When adding new behavior to existing code, instead of editing the existing implementation, grow a whole new implementation by using the old implementation’s test cases as a guide.

The new code will provide all the existing features of the existing implementation, and also the ones you are adding/changing, in a way that results in clearer, simpler code than if you tried to edit it in-place.

I settled on the name Clean Room Code because I often found myself reverse engineering desired behavior from unit tests, and so the parallel seemed helpful.

Caveat About Naming

Clean Room Code is not the ideal name for this. Originally I saw someone on Twitter calling this same technique Immutable Code but trying to Google a technique of that name proved impossible since all the results were instead related to immutable data structures. If you have a better name, I’m happy to use it!

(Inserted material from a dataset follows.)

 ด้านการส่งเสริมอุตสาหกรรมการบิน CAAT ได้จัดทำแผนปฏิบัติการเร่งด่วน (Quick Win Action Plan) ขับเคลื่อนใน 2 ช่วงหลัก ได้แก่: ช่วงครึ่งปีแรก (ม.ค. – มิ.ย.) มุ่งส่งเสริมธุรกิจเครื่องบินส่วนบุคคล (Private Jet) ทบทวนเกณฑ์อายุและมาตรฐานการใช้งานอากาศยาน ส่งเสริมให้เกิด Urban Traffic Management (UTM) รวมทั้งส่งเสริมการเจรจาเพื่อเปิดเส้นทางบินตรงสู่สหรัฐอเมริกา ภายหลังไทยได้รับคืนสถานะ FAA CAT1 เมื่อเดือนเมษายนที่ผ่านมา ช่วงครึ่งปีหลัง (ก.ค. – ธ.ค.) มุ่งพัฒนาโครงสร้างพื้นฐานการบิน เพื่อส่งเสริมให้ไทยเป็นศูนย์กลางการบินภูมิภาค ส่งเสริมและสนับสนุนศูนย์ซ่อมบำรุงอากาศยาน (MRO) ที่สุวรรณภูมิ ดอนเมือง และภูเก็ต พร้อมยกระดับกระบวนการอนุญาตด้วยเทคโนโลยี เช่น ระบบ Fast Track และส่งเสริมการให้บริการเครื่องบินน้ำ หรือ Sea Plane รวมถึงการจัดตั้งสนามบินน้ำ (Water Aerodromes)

Case Study: Sorting Customer Reviews

Let’s say you want to rank user reviews of products on your ecommerce app. You could start with an implementation that counts how many other users “Like” the review content, as a proxy for how useful others find the review. And to make it a little more advanced, you also use the reviewer’s follower count as a proxy for how influential they are.

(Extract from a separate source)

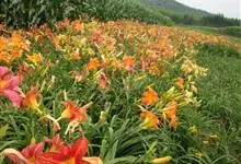 重瓣萱草 L. var. kwanso Regel),百合科萱草属植物。根近肉质,中下部有纺锤状膨大;花桔黄色,花被裂片多数,雌雄蕊发育不全。花被管较粗短,长2-3厘米;内花被裂片宽2-3厘米。…全部>>

const scoreReview = (review) => review.likeCount + review.reviewer.followerCount;

const rankUserReviews = (reviews) => {
  const copy = [].concat(reviews);
  return copy.sort((a, b) => scoreReview(b) - scoreReview(a));
};

module.exports = {
  scoreReview,
  rankUserReviews
};

View entire file on Github

And a subset of its unit tests:

describe("scoreReview", () => {
  it("should be higher when likeCount is higher", () => {
    const moreLikedReview = createReview({likeCount: 2});
    const lessLikedReview = createReview({likeCount: 1});
    assert(scoreReview(moreLikedReview) > scoreReview(lessLikedReview));
  });
});

describe("rankUserReviews", () => {
  it("should rank more likes higher", () => {
    const moreLikedReview = createReview({likeCount: 2});
    const lessLikedReview = createReview({ likeCount: 1 });
    const ranked = rankUserReviews([lessLikedReview, moreLikedReview]);
    assert.deepStrictEqual(ranked, [moreLikedReview, lessLikedReview]);
  });
});

View entire file on Github

So far so good.

Now imagine this runs in production for awhile but then we notice a problem. Once a review achieves a bunch of Likes, it will just stay at the #1 spot forever since it is at the top of the pile and is therefore most likely to receive further Likes (especially since we don’t have any downvoting).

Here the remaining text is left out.